Are diffusion models truly better suited for ISR, or are they simply benefiting from more extensive resources?

This is precisely what the Yandex Research team explored in a recent paper, and I want to share our findings in this blog.

This article is structured as follows:

First, we’ll cover ISR and the questions we want to answer.
Next, we shall dive into the experimental setup and training methodologies we utilized in our paper.
Finally, we shall look at the results, and I’ll share our takeaways from each set of results.

TL;DR We show that the prevailing narrative of diffusion models has been shaped by studies where Diffusion-based ISR models were provided with more extensive training and larger network architectures than their GAN counterparts ([a] [b] [c]), leading to questions about the source of their perceived superiority. We demonstrate that GAN-based models can achieve results on par with Diffusion-based models under controlled settings, where both approaches are matched in terms of architecture, model and dataset size, and computational budget.

Let’s dive in!

Understanding ISR

As the name suggests, ISR aims to upscale low-resolution images to higher resolutions, recovering fine details and textures.

As discussed earlier, GANs have been the go-to method for this task for half a decade, leveraging adversarial training to produce sharp and visually appealing results.

However, GANs often struggle with complex multi-modal data and are difficult to train.

For more context, multi-modal refers to data with multiple distinct modes or types of distribution. In the context of image generation, this could mean producing various but equally plausible images from a single low-resolution input.

For instance, a single low-resolution image of a blurred landscape could be realistically interpreted in many ways — varying seasons, times of day, or weather conditions — each representing a different mode.

GANs, despite their strength in generating high-quality images, often struggle with this multi-modal nature.

Diffusion models are particularly well-suited to address the challenges posed by multi-modal data in image super-resolution (ISR).

How?

Unlike GANs, which rely on a single-shot generation process, diffusion models generate images through a sequential denoising process, as depicted below:

Generation process in GANs and diffusion models (Graphic by Valerii Startsev ; intermediate images taken from diffusion model paper)

As shown above, in both models, the generation process begins with a random noise image.

GANs attempt to generate the image in a single hop.
Diffusion models, however, iteratively refine over multiple steps until a high-resolution image is produced. Each step incrementally improves the image quality by removing a small amount of noise, guided by the underlying data distribution learned during training.

The iterative approach provides a robust framework for image generation, which we also found to handle multi-modal data distributions reliably.

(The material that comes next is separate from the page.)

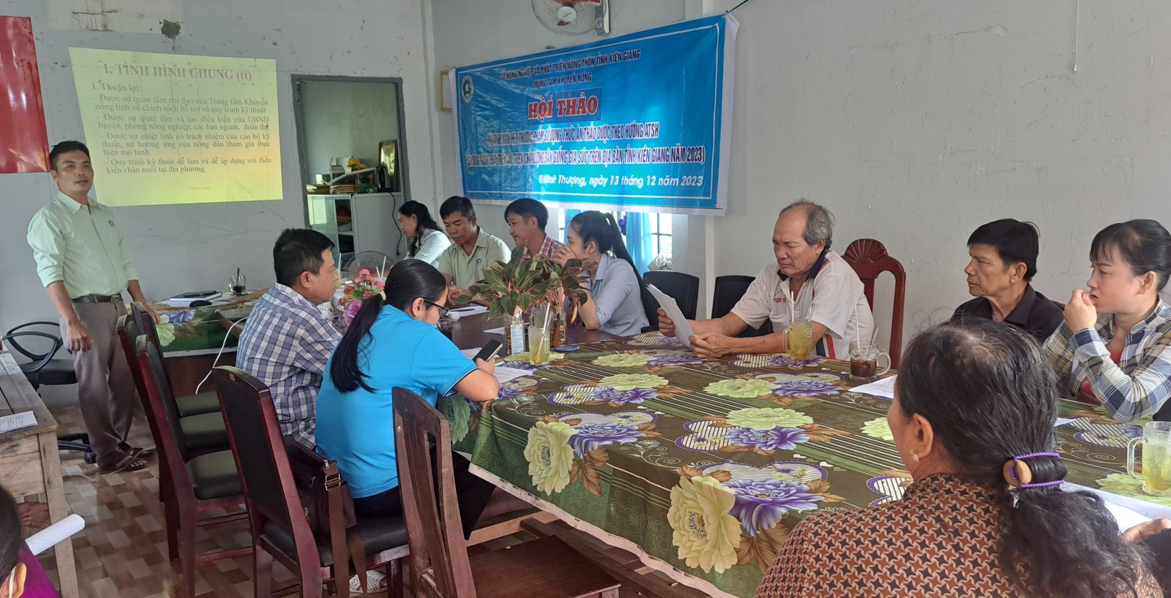 Thành phần buổi tập huấn có ông Trang Kiên Bush-Trưởng Trạm trồng trọt và BVTV huyện, chính quyền địa phương, tổ khuyến nông cộng đồng thị trấn, đại diện vùng trồng, nông hộ sản xuất cùng 30 nông dân tham dự.
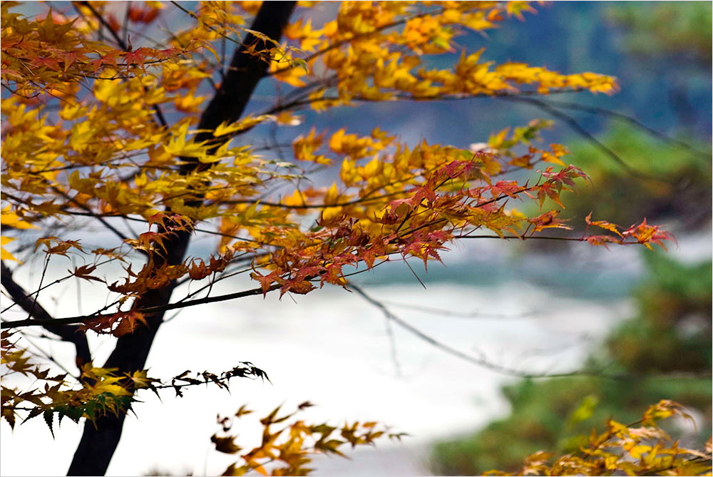 도산서원으로 들어가는 꼬불꼬불한 옛길에는 단풍이 자욱했다. 꼬부라진 길을 돌 때마다 햇빛을 받아 빨간 단풍잎이 화사하게 빛났다. 인근 청량산은 관광버스가 댈 곳을 찾지 못할 지경이라 하나 도산서원은 비교적 한적한 편이었다.

Moreover, its denoising objective leads to a stable end-to-end training procedure.

The problem

While it is evident that image generation with diffusion models is more computationally intensive, experiments suggest that it results in more diverse and high-quality outputs.

However, as we thoroughly studied the literature, we wondered if it is a fair comparison based on which we can conclude that diffusion models outperform GANs.

While diffusion models dominate state-of-the-art generative modeling, including ISR, there hasn’t been a comprehensive study that compares GAN and Diffusion models for ISR under controlled conditions.

The superiority of diffusion models may result from the increased scale and computational resources that go into training this model and has nothing to do with the iterative denoising step that goes into diffusion models.

Experimental Setup and Methodology

Our paper “Does Diffusion Beat GAN in Image Super Resolution?” sought to determine if the superiority of Diffusion models in ISR is due to their inherent capabilities or if it is simply a matter of more extensive training and larger model sizes.

To understand this, we conducted a controlled comparison between GAN and diffusion models, ensuring both were matched in architecture size, dataset size, and computational budget.

Architecture details

In this study, we utilized an Efficient U-Net architecture, initially introduced in the Imagen model, for both GAN and diffusion-based super-resolution (SR) models.

The architecture maintains consistency across different resolutions using the same number of channels and residual blocks, as seen in the 256×256 to 1024×1024 super-resolution tasks.

The primary distinction between the GAN and diffusion SR models lies in the use of timestep embedding and noise concatenation, which are present in the diffusion model but absent in the GAN (due to the inherent design of diffusion models).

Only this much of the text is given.